Assigned task:
Retype the data that follows line by line, exactly, and leave its pictures out.

□ □ □ □ □ □ □

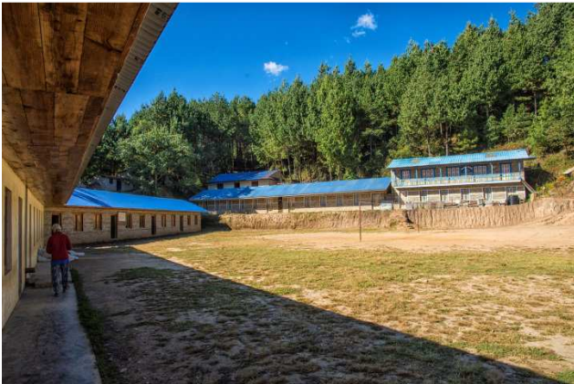
Basakhali secondary school (November 2017)

The village has seen major advances in education and healthcare, with the association contributing to the construction of schools and the creation of a dispensary .
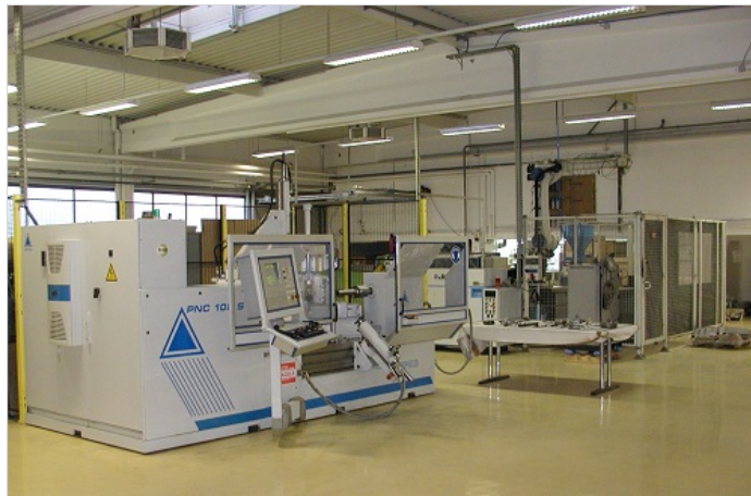
Own Leihfeld spinning machine
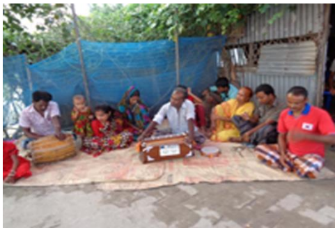
Worship in a house church

GFA Training has helped me to walk afresh with my Lord. I enjoyed all the lessons. I am stunned by the youths who have dedicated themselves to serving the Lord. I love the lessons with all my heart and soul as it is making me draw closer to the Lord.
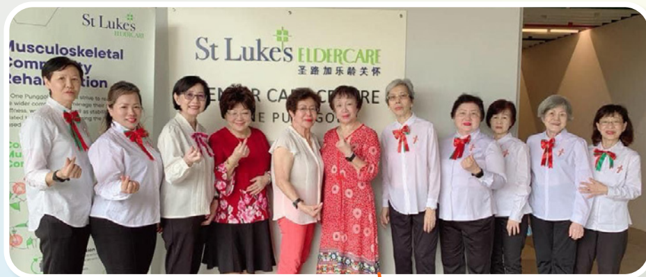
The COOS Connect Teochew Gospel Song Group at SLEC Senior Care Centre @ One Punggol.

Support our work through a donation. www.slec.org.sg/giving/
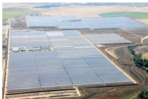
Similar solar thermal power plant also operated by Abengoa
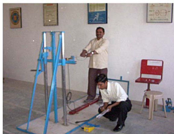
Figure 3 Pull strength measurement of both hand in standing posture
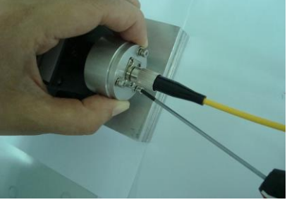
Figure 4-Checking laser output power
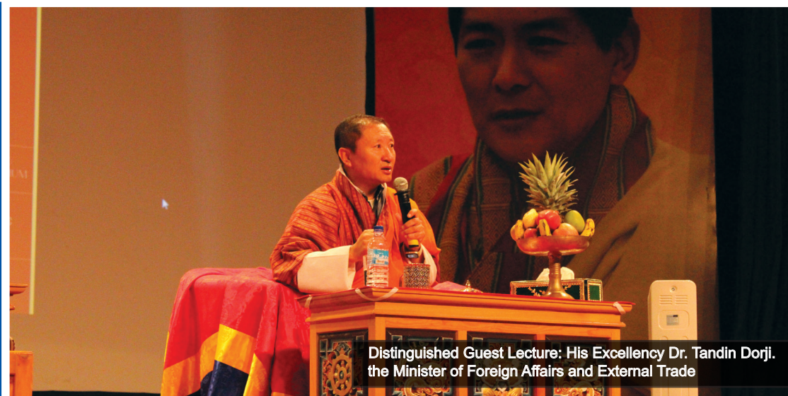
Distinguished Guest Lecture: His Excellency Dr. Tandin Dorji, the Minister of Foreign Affairs and External Trade
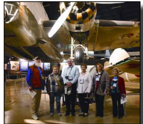
Almost 50 Ruritans took time on Thursday at the National Convention for a trip to travel by bus to Wright - Patterson Air Force Base in Dayton, OH for a field trip to the National Museum of the Air Force there.
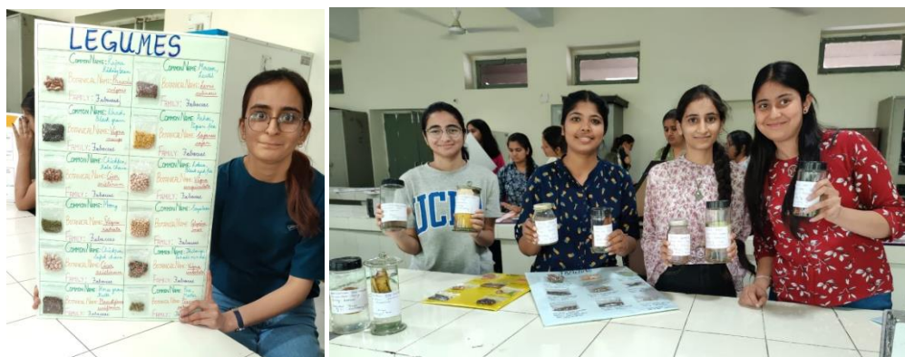
Students displaying their collections
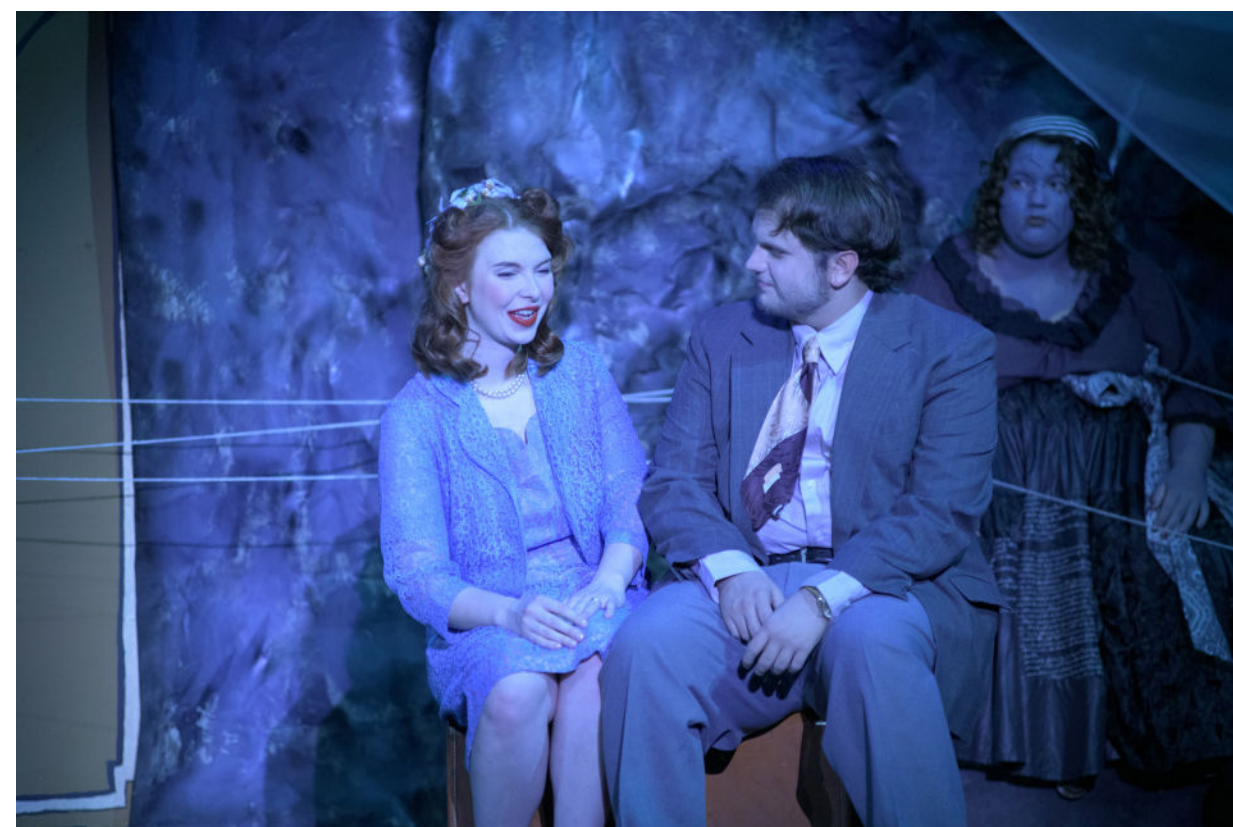
NOC Fine Arts presents 'Eurydice' through Sunday at the KPAC at NOC Tonkawa.

There is limited seating, social distancing and face masks are strongly encouraged.
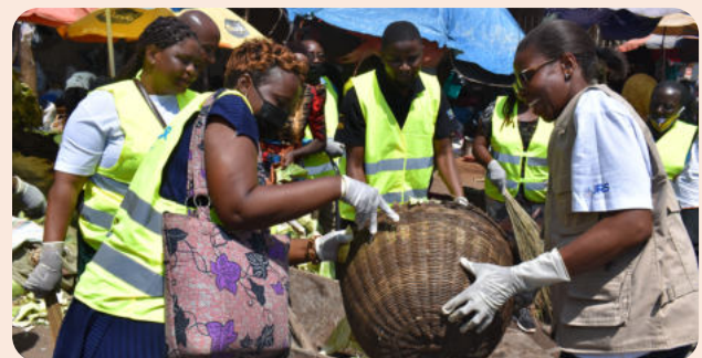
June 25, 2024, Kampala. Re:BUiLD staff, Kampala City Council Authority (KCCA) and other partners take part in a cleaning exercise at Owino Market, the largest market in downtown Kampala.
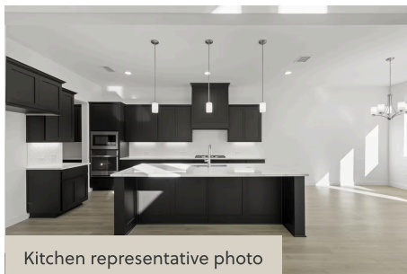
Kitchen representative photo
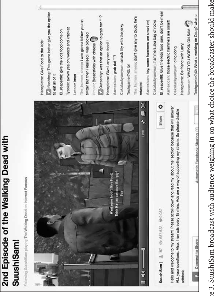
Figure 3. SuushiSam broadcast with audience weighing in on what choice the broadcaster should make, 2012.

ence becomes enlisted in the game play itself by giving input on choices within the game (see figure 3). These moments, especially in tense game scenarios, are particularly entertaining and regularly generate high audience engagement.
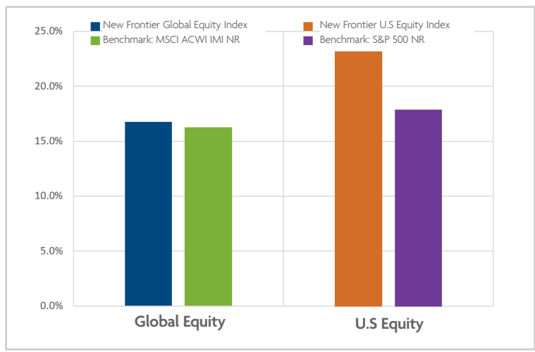
Global and U.S. Equity Index Performance: 2020

More information is available at newfrontieradvisors.com
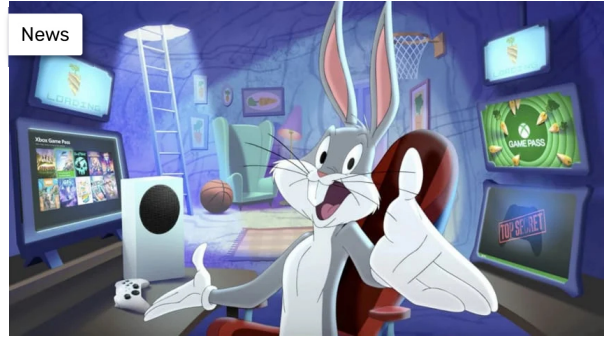
Xbox Wants Your Help to Make a Space Jam Game
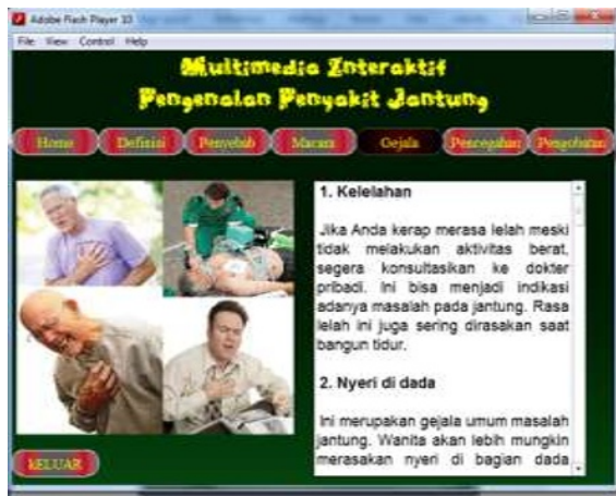
Fig. 7. Symptoms menu page view.
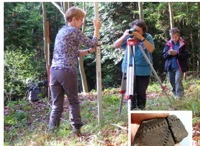
• ACTIVE ARCHAEOLOGY
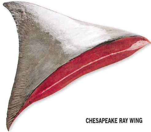
CHESAPEAKE RAY WING
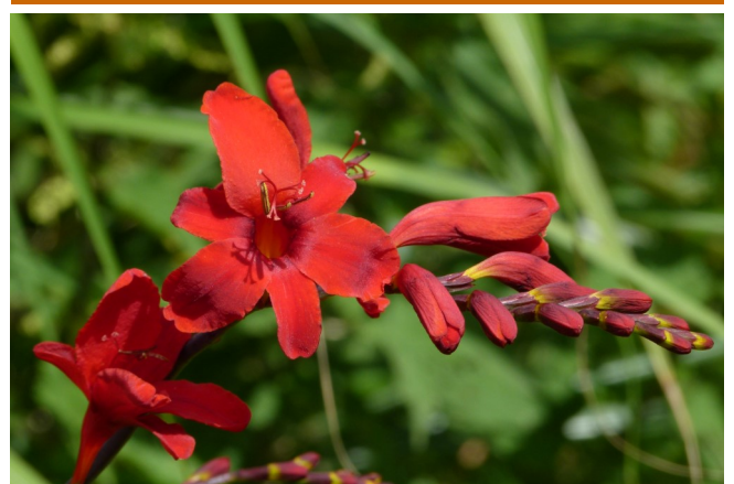
"Hellfire" is a little shorter and later to flower than "Lucifer" and has luscious, deep, velvety red flowers
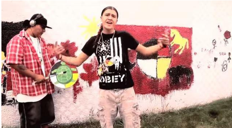
Fig 2: A screen shot from Frank Waln's "Oil 4 Blood"

Reservation and its voyeuristic gaze into the lives of impoverished Native Americans without citing the historical disenfranchisements that led up to current conditions, and without implicating the viewer in any course of action. Rather than being “pimp[ed] for money” as “poverty porn,” Waln asserts that he is a warrior. In doing so, he asks for a revised, dignified, and multifaceted representation of Indigenous peoples that resonates with the protests of previous generations. 7

□ □ □ □ □ □ □

Response area:
Basakhali secondary school (November 2017)

The village has seen major advances in education and healthcare, with the association contributing to the construction of schools and the creation of a dispensary .
Own Leihfeld spinning machine
Worship in a house church

GFA Training has helped me to walk afresh with my Lord. I enjoyed all the lessons. I am stunned by the youths who have dedicated themselves to serving the Lord. I love the lessons with all my heart and soul as it is making me draw closer to the Lord.
The COOS Connect Teochew Gospel Song Group at SLEC Senior Care Centre @ One Punggol.

Support our work through a donation. www.slec.org.sg/giving/
Similar solar thermal power plant also operated by Abengoa
Figure 3 Pull strength measurement of both hand in standing posture
Figure 4-Checking laser output power
Distinguished Guest Lecture: His Excellency Dr. Tandin Dorji, the Minister of Foreign Affairs and External Trade
Almost 50 Ruritans took time on Thursday at the National Convention for a trip to travel by bus to Wright - Patterson Air Force Base in Dayton, OH for a field trip to the National Museum of the Air Force there.
Students displaying their collections
NOC Fine Arts presents 'Eurydice' through Sunday at the KPAC at NOC Tonkawa.

There is limited seating, social distancing and face masks are strongly encouraged.
June 25, 2024, Kampala. Re:BUiLD staff, Kampala City Council Authority (KCCA) and other partners take part in a cleaning exercise at Owino Market, the largest market in downtown Kampala.
Kitchen representative photo
Figure 3. SuushiSam broadcast with audience weighing in on what choice the broadcaster should make, 2012.

ence becomes enlisted in the game play itself by giving input on choices within the game (see figure 3). These moments, especially in tense game scenarios, are particularly entertaining and regularly generate high audience engagement.
Global and U.S. Equity Index Performance: 2020

More information is available at newfrontieradvisors.com
Xbox Wants Your Help to Make a Space Jam Game
Fig. 7. Symptoms menu page view.
• ACTIVE ARCHAEOLOGY
CHESAPEAKE RAY WING
"Hellfire" is a little shorter and later to flower than "Lucifer" and has luscious, deep, velvety red flowers
Fig 2: A screen shot from Frank Waln's "Oil 4 Blood"

Reservation and its voyeuristic gaze into the lives of impoverished Native Americans without citing the historical disenfranchisements that led up to current conditions, and without implicating the viewer in any course of action. Rather than being “pimp[ed] for money” as “poverty porn,” Waln asserts that he is a warrior. In doing so, he asks for a revised, dignified, and multifaceted representation of Indigenous peoples that resonates with the protests of previous generations. 7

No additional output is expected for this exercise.